Really, they have the perfect position for it. Triple-A titles might have a massive budget, but they’re also forced to act as slaves for the production companies. They have to Hollywoodize everything, have big name actors and massive cinematic events. There needs to be explosions and set-piece moments and RPG elements.

But we don’t want that, do we!? No! We want real, deep, intimate, innovative gameplay. We want something new. We don’t want a billion sequels. Massive companies don’t care, but the little guys, they know what we want.

They have freedom, the freedom they need to construct an amazing game. They might have a bewilderingly complex narrative, like The Stanley Parable. Or maybe it’ll just be simplistic, but with everything a player needs to spend hours thinking about it, like Five Nights at Freddy’s.

And! They can explore innovative game space! For example, there’s a brilliant little indie game called One Finger Death Punch. The game is about stick figures having an epic and bloody martial arts brawl, ala the Crazy 88 scene out of Kill Bill. You know what the controls are? Right and left click. That’s it, you just have to time the clicks with the approach of enemies. That’s amazing and unique and fresh and we love it.

Because that’s what small, independent developers can do. They’re free from the constraints of corporate shackles, able to pursue the dreams they want to craft the games we love…




And Let Me Tell You Why You Shouldn’t

…kind of. I mean yeah, all of the indie games I mentioned earlier are amazing. I’ve played them into the ground because of both how fun they are and just because they make me feel so much. I mean dang.

At the same time, though, it’s not like they’re the greatest games ever made. If I had to choose between The Stanley Parable and Rise of the Tomb Raider, sorry but I’d pick the latter.

Because, yeah, it might sound like something a sellout would say, but there’s a reason triple-A titles are the way they are. They work. Set piece moments? Dramatic cinematics? Explosions? All those things are great. But not just that, consistent, quality content. Good graphics, polished gameplay, sound and level design. These things are infinitely easier for development teams with an actual budget.

Remember “All Ghillied Up”? One of like the best levels in any game ever? Because it was in Call of Duty.

And that doesn’t actually make them any worse for it. It’s not like indie developers have some moral imperative, some divine mandate saying that they own good stories, for example. People like to whine about how awful stories are in games nowadays but you know what? People need to stop drinking their gosh darned hatorade.

What about Fallout 4? Or the previously mentioned Until Dawn? Heck, I know they aren’t exactly the pinnacle of storytelling, but at the end of the day even the Call of Duty games have some pretty decent stories. And it has nothing to do with freedom, except maybe the triple-A tendency to leave openings for sequels. But it’s not like the sequel bug hasn’t hit the indie industry.

Let’s back it up a sec, why were even mad at larger corporations?

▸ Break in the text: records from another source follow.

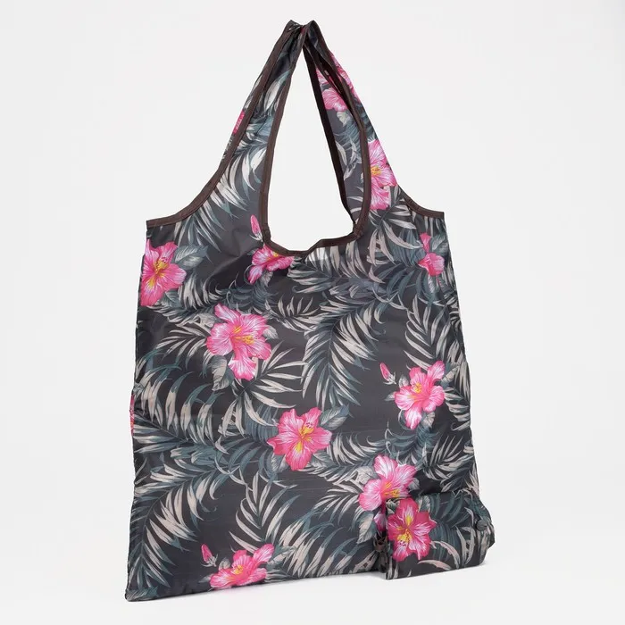 Сумка хозяйственная без застежки, складная, цвет чёрный/розовый
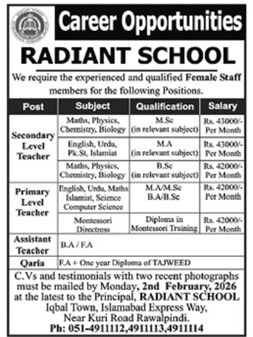 Radiant School Rawalpindi Jobs 2026 for Primary / Secondary Teachers, Assistant Teachers & Qaria Job Ad shown on this page is taken from Jang Newspaper on 25-01-2026
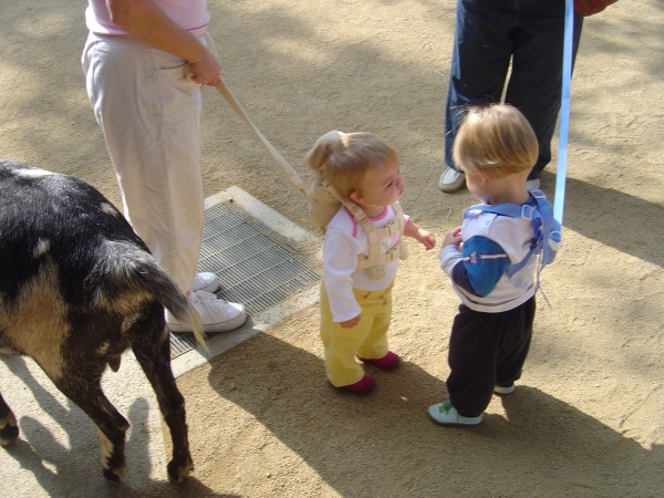 The irony: humans on leashes while goats roam free. You can bet the goats are laughing.
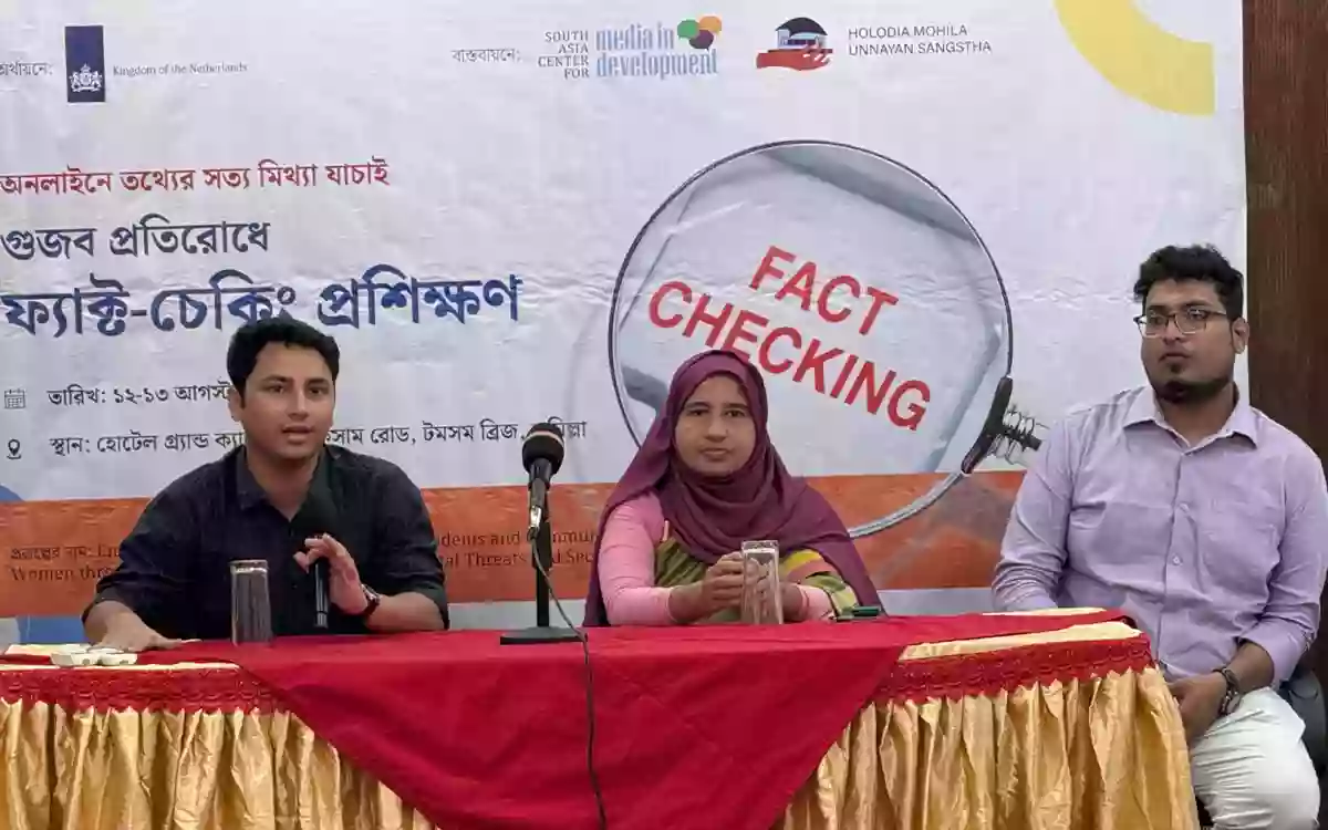 প্রশিক্ষণ কর্মশালায় ফ্যাক্ট চেকিংয়ের উপর আলোচনা করেন ‘এজেন্সি ফ্রান্স প্রেস’ এর (এএফপি) ফ্যাক্ট চেকিং এডিটর কদরুদ্দিন শিশির এবং ফ্যাক্ট চেকিং মিডিয়া প্লাটফর্ম ‘ডিসমিসল্যাব‘ এর রিসার্চ-লিড মিনহাজ আমান। কর্মশালায় উভয় প্রশিক্ষকই সংবাদ প্রকাশের ক্ষেত্রে সত্যতা নির্ণয় বা ফ্যাক্ট চেকিংয়ের বিভিন্ন বিষয় সম্পর্কিত পদ্ধতি, উপায় ও সতর্কতার বিষয়ে অংশগ্রহণকারীদের প্রশিক্ষণ প্রদান করেন।

Because they continue to make games that sell incredibly well? Oh no!

Spoiler alert people. Being successful and practicing a business model that makes money does not make you a soulless, money grubbing, monolithic entity. It makes you a business. No more and no less, and certainly not any worse than anybody else. I’m not sure at what point people lost sight of this, but literally the point of a business is to make money. For some reason that got demonized along the way and now we hate companies for not giving us their stuff for free.

You know what’s the greatest reason you shouldn’t hate these companies and love indie companies? Because you don’t even want to. Look at the math. For all people claim that they hate the endless cycle of Madden’s and Call of Duty’s they still sell. Because you can say that you want new things and innovation, and to some extent you do. But not nearly as much as you think.

The simple truth is people like what’s out there, and they want more. Larger corporations, triple-A titles, they’re not going anywhere. Sure, lots of smaller game from indie developers sell well, but they also cost $10. That’s a pretty big factor in demand.

So stop yelling at EA and Activision because they offered you a product in exchange for money.